I don’t mean personalised content — there is plenty of that going on in the form of ads, commerce, video recommendations — I mean that everyone using a given app on a given platform has the same UI to achieve things in that app, and that UI does not adapt to cater to your personal context.
For example, your iOS experience looks and feels exactly the same in terms of as mine if we’re both using the same version. The gestures are the same, the list of settings is the same, the camera app has the same options layout, the lock screen will (by default) be the same. What’s more, the UI doesn’t evolve to better serve our needs. If I use the flashlight every night for 3 nights in a row (camping, say), the fourth night it isn’t easier for me to get to the flashlight. The button hasn’t grown, a new button hasn’t appeared on my home screen temporarily (maybe replacing the citymapper app knowing I’m in the countryside so it’s not useful?)
Speaking of Citymapper, their outsized Get me Home button when you open the app late at night is an example of the UI personalisation I mean (albeit a very crude one)

Another crude example is Onboarding guides taking you through using an app or new feature for the first time.
Apart from that, there really isn’t much yet, apart from what only the AI giants can do.
“At any given point in time, there isn’t just one version of Facebook running, there are probably 10,000. Any engineer at the company can basically decide that they want to test something. There are some rules on sensitive things, but in general, an engineer can test something, and they can launch a version of Facebook not to the whole community, but maybe to 10,000 people or 50,000 people—whatever is necessary to get a good test of an experience” — Zuckerberg (source)

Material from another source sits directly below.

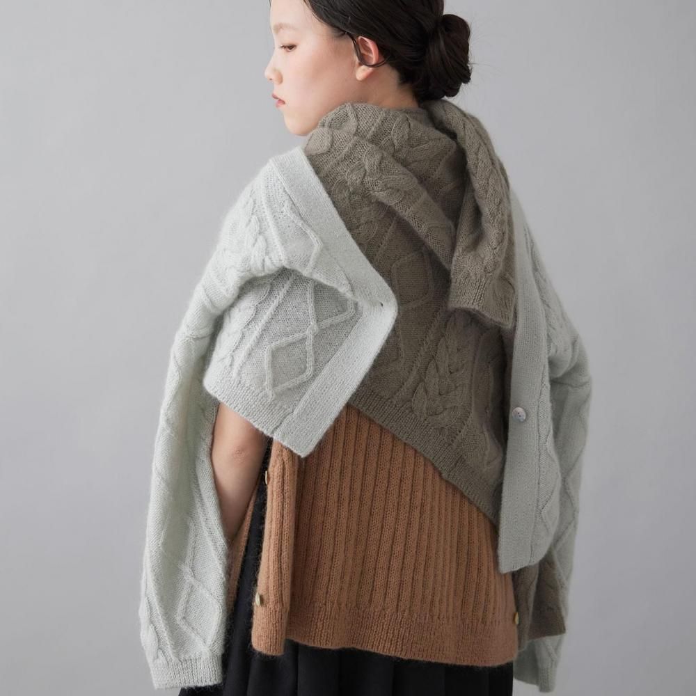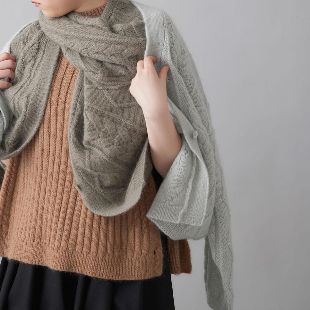 ウールのあたたかさ、モヘヤの光沢感とふんわりとした柔らかさ、ナイロンの軽さと強度がバランスよく溶け合い、軽やかで美しい表情を生み出します。

So the odds are your Facebook app doesn’t look and feel the same as mine. By letting an optimization algorithm decide which version to show to whom to maximise engagement, the Facebook UI grows increasingly personalised because it increases engagement (not because of a rule, e.g. the Stories button should disappear for me because I’ve never clicked it — there are no such discoverable rules produced by the algorithm)

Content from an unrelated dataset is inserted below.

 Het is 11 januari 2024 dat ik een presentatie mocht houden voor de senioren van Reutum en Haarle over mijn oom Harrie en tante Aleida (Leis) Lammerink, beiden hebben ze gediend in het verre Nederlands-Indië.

I suspect ther apps which have enough traffic to do this with statistical rigour, and have the automated testing infrastructure in place (try asking a QA team to test 10,000 UI versions) also do this, such as Amazon.
At the OS level the leading example is Android, which is increasingly personalising what it shows you but it’s early days.

Other than having enough volume to validate that what you’re personalising is working, the main barriers I see to personalised UIs happening are:
- Implemention effort: many more UI elements need to be designed and implemented to be able to offer a good UI for each user context imaginable (given the available data). This problem will go away as the effort to convert a UI to working code shrinks
- Testing & Docs: manual testing going on is a non starter for these techniques, you need to be able to instrument all actions and test all scenarios automatically. Docs and customer support is also harder when you don’t know what the app looks like for the customer on the phone
- Design integrity: particularly somewhere like Apple, you don’t imagine a design team putting UI choices in the hands of an algorithm, and mistakes will be made
- Prioritisation: this work can understandably fall under “painting the other side of the fence”. This is an incremental improvement: people will not buy your app due to this, and will not get retained because the core service is great not because of personalisation
As AI seeps through society and software like electricity did (hat tip to Andrew Ng for the analogy) the UI personalisation techniques only Google and Facebook can afford today will become available to all product teams.
The advent of augmented reality will likely precipate this, as the UIs of our AR apps and OSes will need to be personalised to overlay usefully and safely on what we are seeing from the material world at each moment.